Experimental prediction
In the developmental stage, both axon guidance(Munz et al., 2014) and dendritic extension(Matsui et al., 2013) show Hebbian-type activity dependence, but in the adult cortex, both axons and dendrites seldom change their structures(Holtmaat and Svoboda, 2009). Thus, although recent experimental results suggest some activity dependence for spine creation(Knott et al., 2006)(Yang et al., 2014), it is still unclear to what extent spine creation depends on the activity of presynaptic and postsynaptic neurons. Our model indicates that in terms of performance, spine creation should fully depend on both presynaptic and postsynaptic activity (Fig. 6I). However, we also showed that it is possible to replicate a wide range of experimental results on spine dynamics without activity-dependent spine creation (Fig. 8).
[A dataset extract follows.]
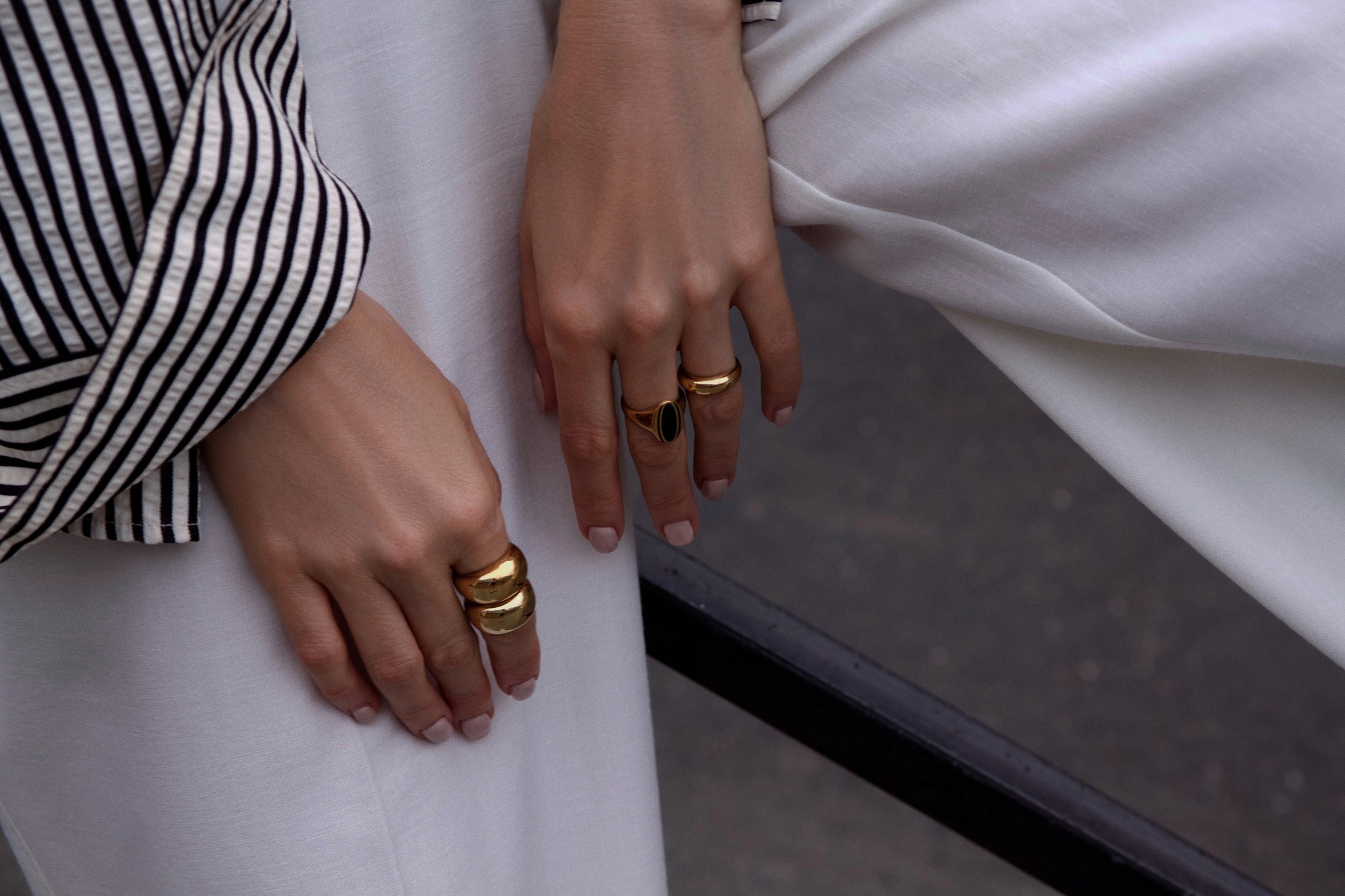 Кольцо HOLLYWOOD — широкое, блестящее, чуть заметнее обычного, но без намёка на вычурность. Надеваешь — и будто всё встало на свои места. Оно не требует к себе внимания, но каждый раз делает образ точнее. Носите его с футболкой, с вечерним платьем, поверх перчаток или на голую кожу. Комбинируйте с кольцами WAY или SMALL HOLLYWOOD. Оно всё выдержит. И всегда будет кстати.

Furthermore, whether or not spine survival rate increases through training is controversial(Yang et al., 2009)(Xu et al., 2009). Our model predicts that the stability of new spines highly depends on the similarity between the new task and control behavior (Fig. 8F). When the similarity is low, new spines created in the new task are expected to be more stable than those created in the control case, because the synaptic connection structure would need to be reorganized. By contrast, when the similarity is high, the stability of the new spines would be comparable to that of the control. In addition, our model replicates the effect of varying training duration on spine stability(Yang et al., 2009). When training was rapidly terminated, newly formed spines became less stable than those undergoing continuous training (Fig. 8G).
Related studies
Previous theoretical studies revealed candidate rules for spine creation and elimination(Deger et al., 2012)(Zheng et al., 2013)(Fauth et al., 2015), yet their functional benefits were not fully clarified in those studies. Some modeling studies considered the functional implications of synaptic rewiring (Poirazi and Mel, 2001) or optimality in regard to benefit and wiring cost (Chen et al., 2006), but the functional significance of synaptic plasticity and the variability of EPSP size were not considered in those models. In comparison, our study revealed functional roles of wiring plasticity that cooperates with synaptic weight plasticity and obeys local unsupervised rewiring rules. In addition, we extended the previous results on single-spine information storage and synaptic noise (Varshney et al., 2006) into a network, and provided a comparison with experimental results (Fig. 2E).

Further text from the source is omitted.